At Nyoho Zen, Koun Franz discusses the Six Realms. I was particularly struck by his explanation of the Animal Realm.
"Animals, for the purpose of this model, define their wants as needs -- that misunderstanding is their cage. If you've ever thought, 'I don't need to be kind/generous/articulate until I've had my first cup of coffee,' you've fallen into an animal state of mind."
Ouch. Anyway, I wanted to compare that to what Chogyam Trungpa Rinpoche wrote in his commentary on the Bardo Thodol, but since I can't find my copy of the book (see previous post) I am going to have to wing it.
One of the intriguing things Trunpa said is that "animals" -- and of course, we are not talking about biology -- have no sense of humor. They tend to be bigoted and afraid of change. They have a very small and rigid "comfort zone," in other words.
Not being able to distinguish wants from needs is a new wrinkle to me, and I would have assigned that attribute to the Realm of Asuras. Koun Franz says,
"Teenage boys fully inhabit the animal realm, aggressively hunting for sex -- real and imagined -- like sharks that can never stop swimming, single-mindedly feeding and feeding. Both asuras and animals are consumed by desires, but of very different kinds."
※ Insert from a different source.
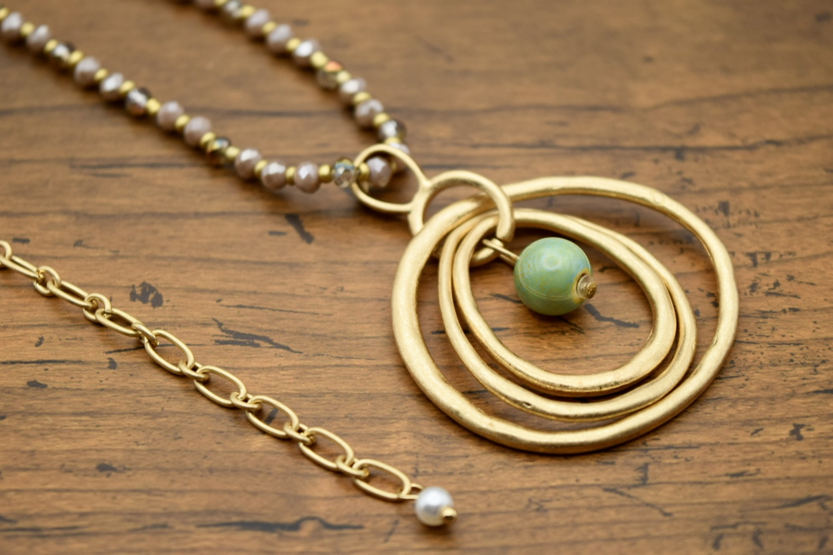 ・真鍮の柔らかな質感と、翡翠の落ち着いたグリーンの組み合わせ

What about asuras? "Asuras, like everyone else, experience dissatisfaction. But unlike many others, asuras embrace that dissatisfaction as a kind of call to arms," Koun Franz says. More than anything else, asuras want to be devas. Unlike devas, who are able to wrap themselves in comforting luxury and remain (at least part of the time) soporifically self-satisfied, for asuras it's all about the battle to become a deva.
And they can never win, because no matter how much power and wealth they acquire, they are still driven to fight for more. Many well-known politicians are big-business tycoons are classic asuras.
But in the Animal Realm, the want that is mistaken for a need is more elemental, like sex, or the chocolate chip cookies in the pantry that are practically begging you to eat them, until you do. So that's the difference, I think.
Coming back to the animals' lack of a sense of humor -- biological animals, of course, often have a fine sense of humor. Just watch two dog friends play the classic canine game "I have a cool stick in my mouth and you can't have it," for example. If it were really just about a base urge to possess the stick, they might fight to the death over it, but they don't. They chase and tease each other in joyful fun.
What Trungpa's remark suggested to me are people whose idea of "humor" is just mean. They tell jokes that are racist or make fun of people with disabilities, for example. "Humor" for them is a form of aggression, an expression of hatred. Whenever someone excuses a hateful statement by saying, "it was just a joke," that's coming from the Animal Realm.